Nurses to the rescue?

Original Reporting | By Mike Alberti |

A comprehensive policy instead of “zero sum”

Robert Phillips, director of the Robert Graham Center, a research organization that is sponsored by the AAFP, agreed that, as the physician shortage intensifies, nurses should play a heightened role in healthcare delivery.

He worried, however, that relying more heavily on nurses could effectively waylay plans to train more primary care physicians. The anxiety of primary care physicians — that they stand to be replaced by advanced practice nurses — has been reinforced by some recent reports calling for physician training resources to be diverted away from primary care and toward specialty medicine.

Phillips pointed out that there is already a shortage of so-called “bedside nurses,” or nurses that have not received advanced training, and that incentivizing more nurses to pursue advanced degrees would exacerbate that problem, essentially shifting the shortage down the line.

Bleich argued that giving nurses a greater role in the short-term would not necessarily involve substituting advanced practice nurses for primary care doctors.

“One of the big myths that gets perpetuated is that nurses are trying to take the place of physicians,” he said, “and that’s just not the case. There is an overlap, which is a positive thing for patients.”

When asked if giving nurses more autonomy meant less of a role for physicians, Hassmiller said, “We certainly hope not. Our position is that we need more nurses and more primary care doctors.”

But Phillips pointed out that there is already a shortage of so-called “bedside nurses,” or nurses that have not received advanced training, and that incentivizing more nurses to pursue advanced degrees would exacerbate that problem, essentially shifting the shortage down the line.

Researchers have demonstrated that the dearth of nurses will likely grow even worse than the projected physician shortage; they estimate that there will be 260,000 too few nurses by the year 2025.

It isn’t enough to produce more physicians, or more nurses, Phillips said. The U.S. will need to do both. “We need to be looking at getting supply and distribution right for physicians, nurses, and all other members of the team,” he said.

And the body of evidence on the subject indicates that, when both advanced-practice nurses and primary care physicians are practicing in a healthcare delivery environment, referral rates and costs go down while patient outcomes improve. Advocates on both sides of the issue agreed that this is the best-case scenario for a delivery model in the future.

Disputes that pit doctors against nurses will likely continue, Gilliss said, as long as the discussion is premised on the need to cut costs, rather than on the need to improve the care delivered to patients.

Gilliss said that it was certainly within the country’s capacity to meet all of the healthcare workforce needs in the long term, and that producing more nurses should not mean producing fewer physicians.

That would mean ramping up training for physicians, advanced practice nurses and bedside nurses simultaneously. One of the foundational pillars of the Institute of Medicine report, Hassmiller said, was that educational opportunities should be increased for nurses in all fields.

Additionally, Gilliss said, when viewed from a patient-centered perspective, a policy that sought to produce more healthcare workers across the board would carry significant advantages for the public.

“Right now, there’s a service that people aren’t getting,” she said. “That’s the coordination of care [between healthcare professionals].” If there existed the capacity for some nurses to be in charge of organizing every patient’s healthcare, the quality of care would improve, as well as the patient’s experience, she said.

Gilliss maintained that viewing healthcare workforce policy as a zero-sum equation where either doctors or nurses are forced to lose out would be a mistake, and that the U.S. should strive to produce more physicians and more nurses.
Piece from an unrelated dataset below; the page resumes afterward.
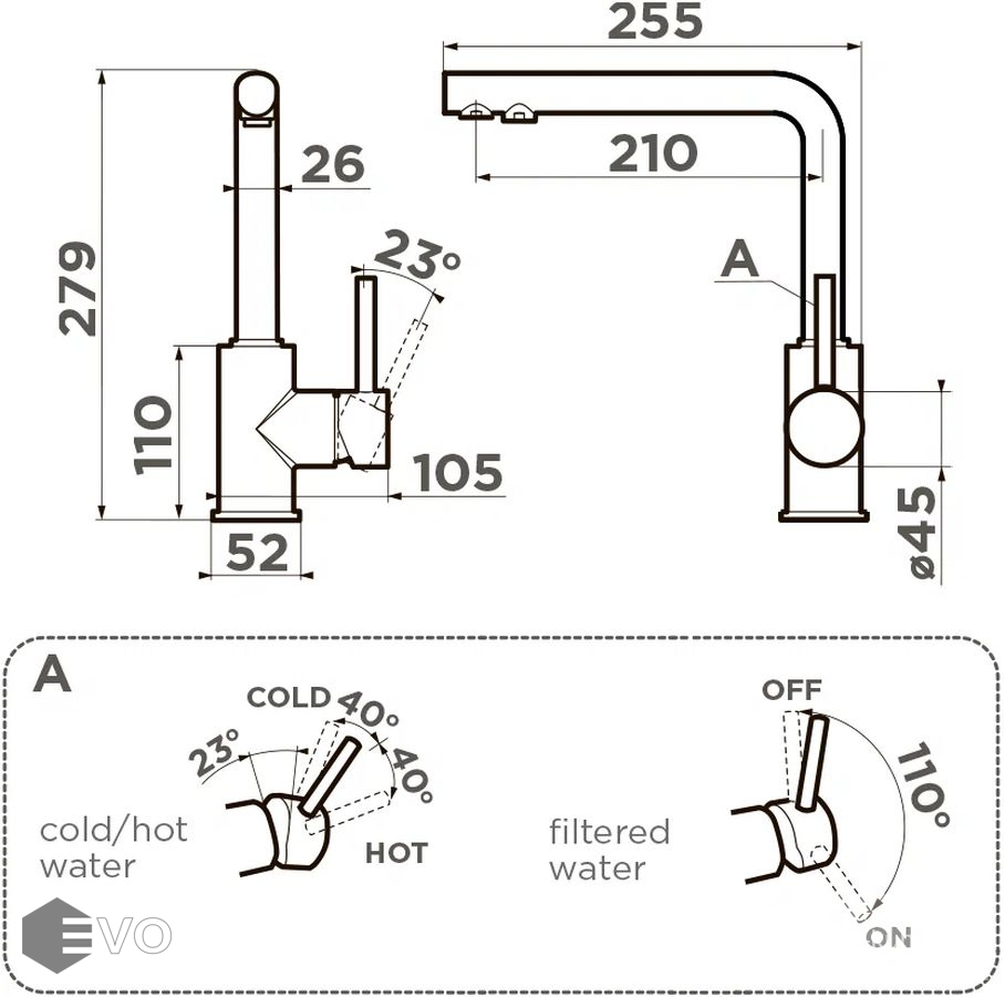 - Особенности: встроенный кран для питьевой воды, система рычага 2 в 1 Multi

She said that increasing education and training would come with costs, but that the costs of a long-term shortage of physicians or nurses would be greater.
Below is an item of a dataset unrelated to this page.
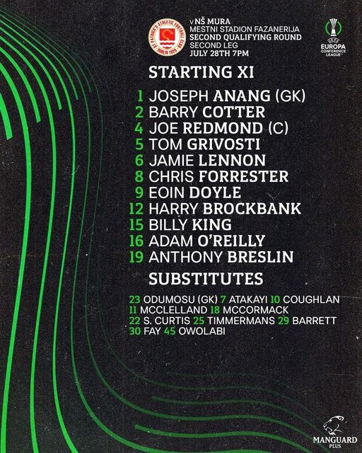 St. Patrick's: Anang, Cotter, Redmond, Grivosti, Breslin, O'Reilly (od 115. McClelland), Brockbank, Lennon (od 62. Timmermmans), Forrester (od 85. Coughlan), Doyle, King (od 69. Atakayi). Trener: Tim Clancy.

“I think it would be silly to assume that adding more [healthcare workers] would not cost more,” she said. “It’s a matter of priorities.”

 

Needing a different starting point?

Disputes that pit doctors against nurses will likely continue, Gilliss said, as long as the discussion is premised on the need to cut costs, rather than on the need to improve the care delivered to patients.
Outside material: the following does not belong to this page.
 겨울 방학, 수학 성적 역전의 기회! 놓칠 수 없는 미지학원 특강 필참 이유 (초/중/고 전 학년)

A similar roadblock has also been apparent in the debate over the burgeoning physician shortage. There, too, the lack of political will to come to grips with the cost of meeting the growing medical needs of an aging and growing population has stymied action.

In both the long-term and the short-term, Gilliss said, the place to start is with an evidenced-based discussion of what strategies will bring the best care to the most patients.